Hyperoptic extends 1Gbit/sec broadband beyond London

British broadband startup Hyperoptic will extend its 1Gbit/sec broadband to residences in ten cities beyond London before the end of the year.

Hyperoptic extends 1Gbit/sec broadband beyond London

Hyperoptic – set up by the founders of BE – has so far only offered its superfast broadband service in selected areas of London, in what it describes as “multi-dwelling units”, such as large blocks of flats.

But £50 million in new funding from financier George Soros means the startup will bring its fibre-to-the-premises (FTTP) offering to the UK’s biggest cities in the coming months, including Manchester and Birmingham.

Hyperoptic provides end-to-end fibre broadband, delivering much faster speeds than fibre-to-the-cabinet offerings, which go to the street telecoms cabinet before slower copper cables take the connection into residences. Less than 0.01% of UK homes have direct fibre connections, according to the Fibre to the Home Council Europe, but replacing copper cables is a costly exercise for incumbents. BT recently shelved its promise to provide FTTP connections to 25% of its fibre customers, claiming instead that FTTC connections were fast enough.

Now Hyperoptic hopes to offer 1Gbit/sec connections to more than half a million homes within the next five years. The firm has already connected 20,000 London residences in the past two years – though some of those have plumped for Hyperoptic’s cheaper 100Mbits/sec or 20Mbits/sec offerings.

Unfortunately, that doesn’t mean a homeowner in Manchester can necessarily demand 1Gbit/sec broadband just yet. Co-founder and chairman Boris Ivanovic said that superfast connections would still only be available in blocks of more than 100 flats, but that could be reduced to 50 by the end of the year and, eventually, smaller residential blocks.

“In time, all the cost components of our business are coming down, which lets us increase our efficiency,” he told PC Pro. “That will permit us to target smaller properties. As cost reductions continue, we could go as low as 20 flats. It’s difficult to predict what will happen in four years’ time, but by maybe we can go to smaller properties.”

Hyperoptic installs its network on a building-by-building basis, signing contracts with building managers depending on residents’ interest.

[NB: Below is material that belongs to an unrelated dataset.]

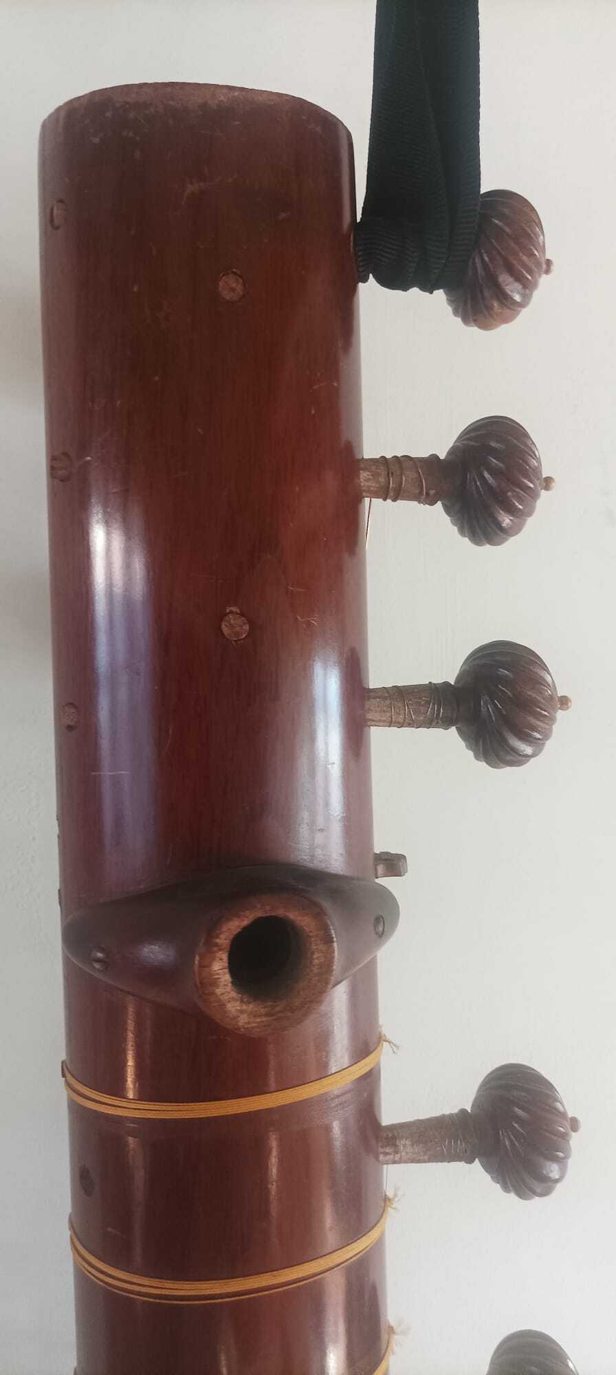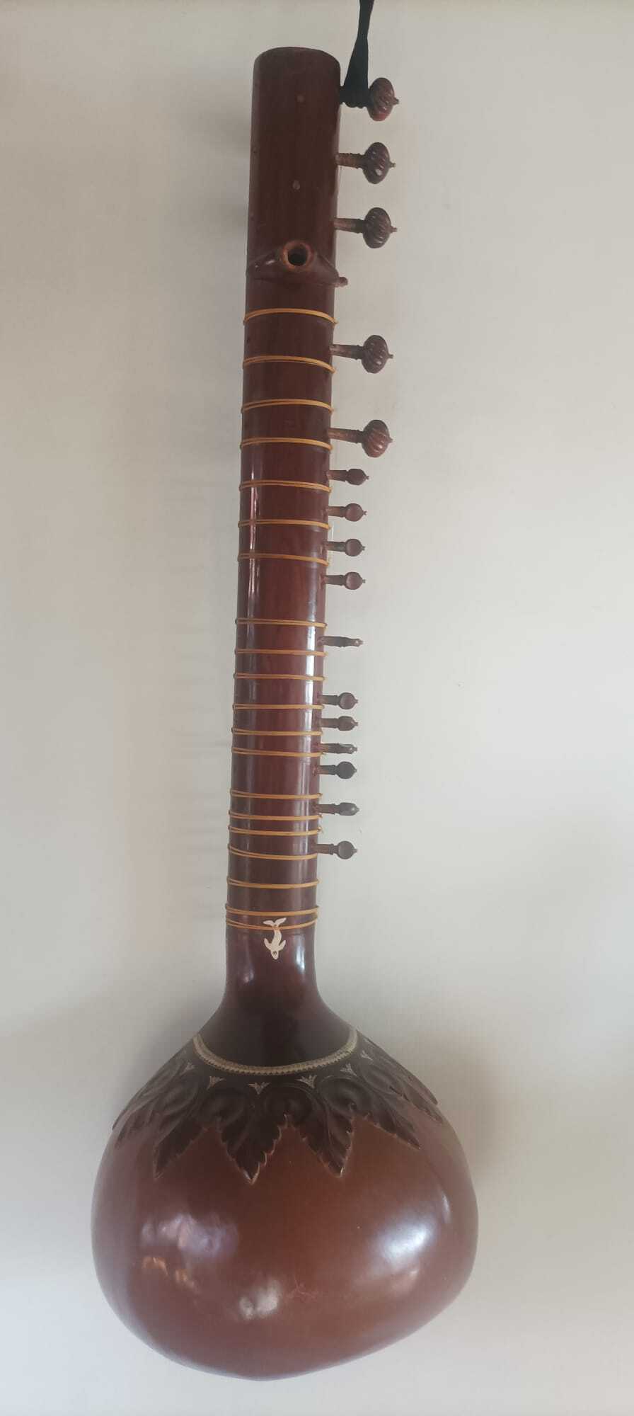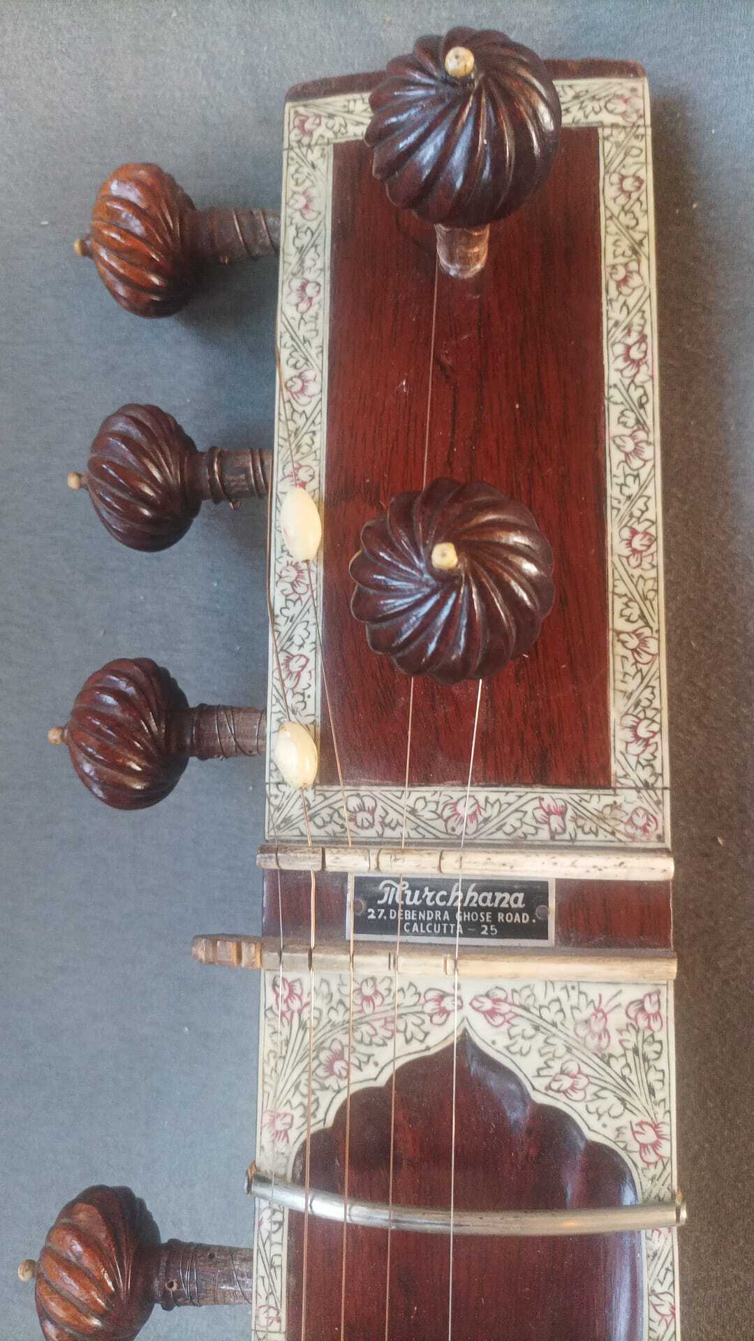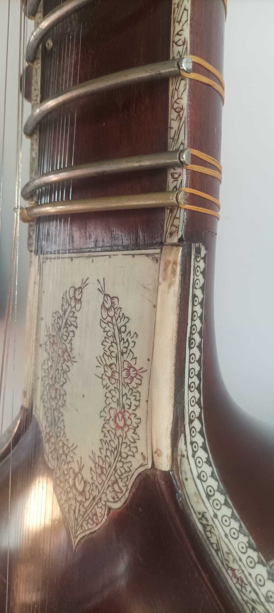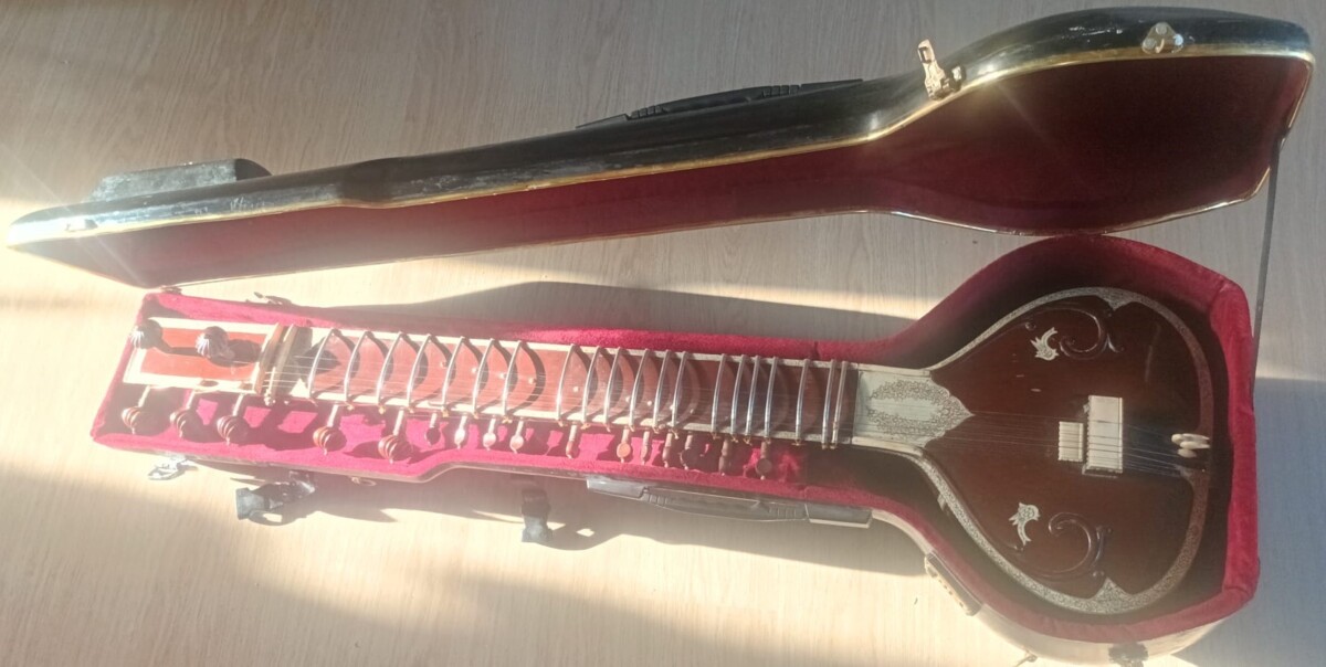 This sitar has character. Built by Murchhana, who was active in the 60s and 70s in Kolkata. He made some top instruments in his time. Currently in C#, with its wonderful warm tone it feels like an old soul that needs a gentle touch.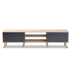 2 Drawer Rikke Two-Tone Wood TV Stand For TVs Up To 65″ Gray – Baxton Studio

If the firm has already signed a contract with your building, installation can take a matter of weeks. But negotiating a contract for a building from scratch can take months, the firm has previously admitted. Installation costs vary depending on the building, but can be up to £40 per residence.

Ivanovic said that Hyperoptic wouldn’t offer rural broadband any time soon, focusing instead on more profitable, high-density areas. He added that the firm will also use its new funding to target businesses, schools and even social housing.

Hyperoptic offers superfast lines for £50 a month, but also sells 100Mbits/sec and 20Mbits/sec services for £25 and £12.50 respectively.